Figure 10 shows the size of training or test set; it reflects the performance of training or testing. The larger the performance, the better the performance.

From the above data, the integration method has the best stability, followed by the probability space distance method, and the probability mean method is the worst. In terms of performance, the method based on probability space distance is the best, followed by probability mean method, and the method based on Sugeno integral is the worst.

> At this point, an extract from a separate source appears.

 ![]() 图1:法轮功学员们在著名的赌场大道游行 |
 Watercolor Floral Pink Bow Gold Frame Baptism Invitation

Teachers should create a positive learning environment for students, plan rich classroom activities, actively guide students to look at pictures and talk, intensify oral practice, and provide students with plenty of practical practice opportunities when teaching oral English. Their oral English level can only be improved to some extent through continued practice and practice. In order to improve one’s language communication level, the process must be undertaken step by step, from easy to difficult, simple to tedious, and success cannot be rushed. Mechanical training can be done at the start of the training to gradually increase the level of fluent expression. Different ways of thinking exist in Chinese and foreign cultures, resulting in differences in language expression. The verbs in Chinese sentences are usually centered and spread horizontally, forming a flowing shape structure. The structure of Westerners’ sentences is generally centered on subjects or predicates, and it is more complicated. As a result, students should use correct logical thinking to express themselves in the process of language expression, gain a deeper understanding of western culture, and improve the flexibility and smoothness of their oral expression.

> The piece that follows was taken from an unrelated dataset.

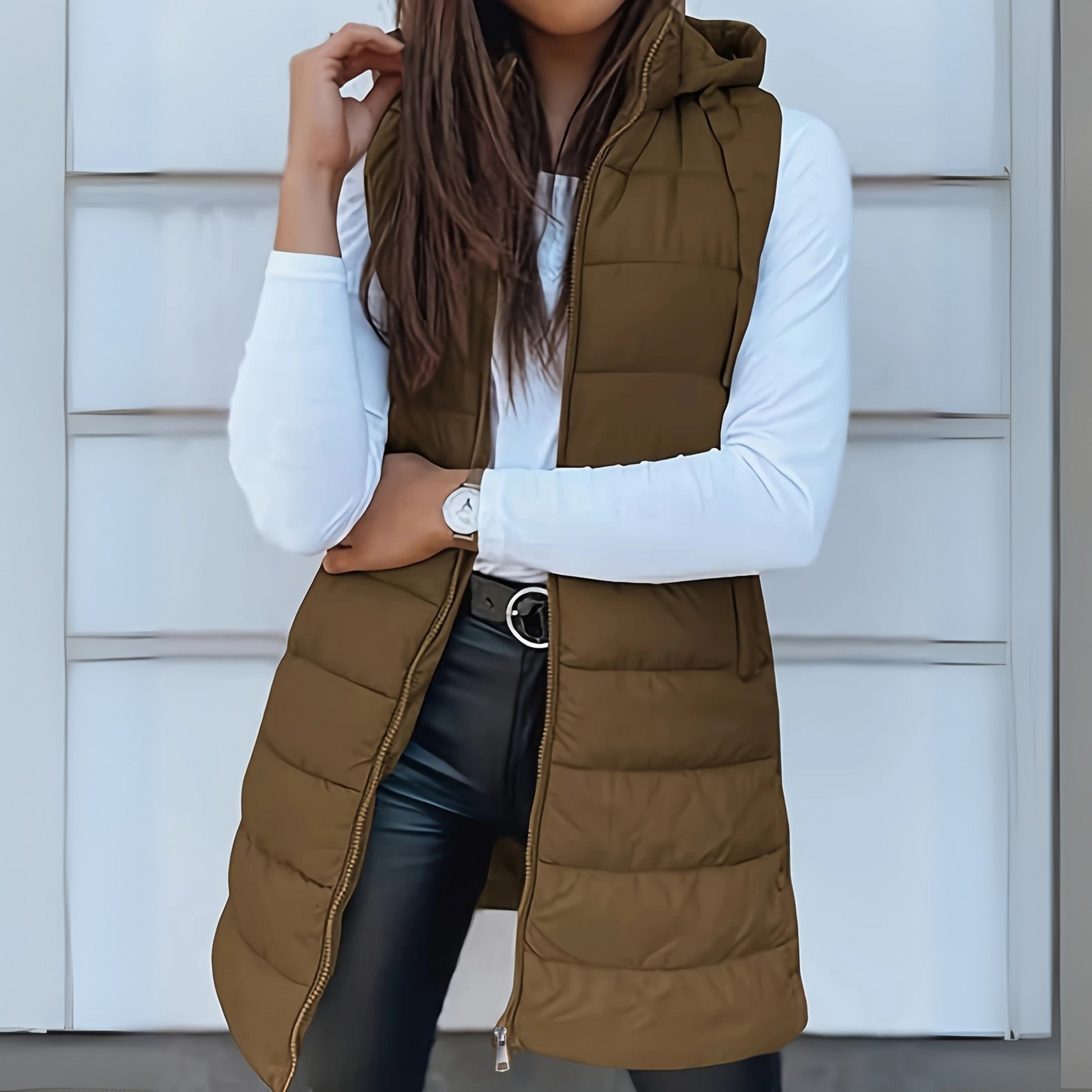 Modische Steppweste mit Kapuze – leicht, bequem und ideal für sportliche und urbane Looks in der Übergangszeit.

Visual effects can make students more aware of the feelings attached to English that they have heard. In the practical use of English, when people communicate in English, they not only rely on their ears to listen, but also want to really understand what the other party wants to express, and they should combine their visual senses. In view of this, teachers can choose English movies that meet the nonverbal communication factors for teaching. First, let students learn the nonverbal factors in the movies, because speaking English alone cannot effectively improve students’ oral ability.

5. Conclusion

In college English classes, oral English instruction is a weak point. There are numerous issues that arise during the teaching process, such as a lack of a language environment, fewer class hours, and so on, and students’ application ability is low. The analysis and design of the intelligent correction system for spoken English, as well as the specific implementation method, are detailed in this paper. The system greatly improves the efficiency of oral English tests while also reducing the difficulty of organizing them and teachers’ workload. When SE is used alone as an emotion recognition feature, it outperforms MFCC and fundamental frequency. Finally, the MFCC and SE fusion recognition results are examined, and the fusion recognition rate is improved. Experiments show that the speech evaluation system presented in this paper is more in tune with people’s subjective feelings and that the evaluation results can reflect the subjects’ pronunciation level.

Due to the author’s limited knowledge, there are still many flaws in the system’s operation, and there are numerous areas for improvement and further research, such as expanding the question bank, improving system security, increasing system efficiency, and designing an analysis system for the data gathered during the examination process, among other things. In future research, the author will investigate and analyze the aforementioned issues in greater depth, with the goal of improving the system’s functionality.

Data Availability

The data used to support the findings of this study are included within the article.

Conflicts of Interest

The author does not have any possible conflicts of interest.


This study was supported by the teaching reform project of the Education Department in Anhui Province, China (Grant no. 2021), Anhui educational science research project in Anhui Province, China (Grant no. JK21050), and Anhui philosophy and social sciences research project in Anhui Province, China (Grant no. 2021).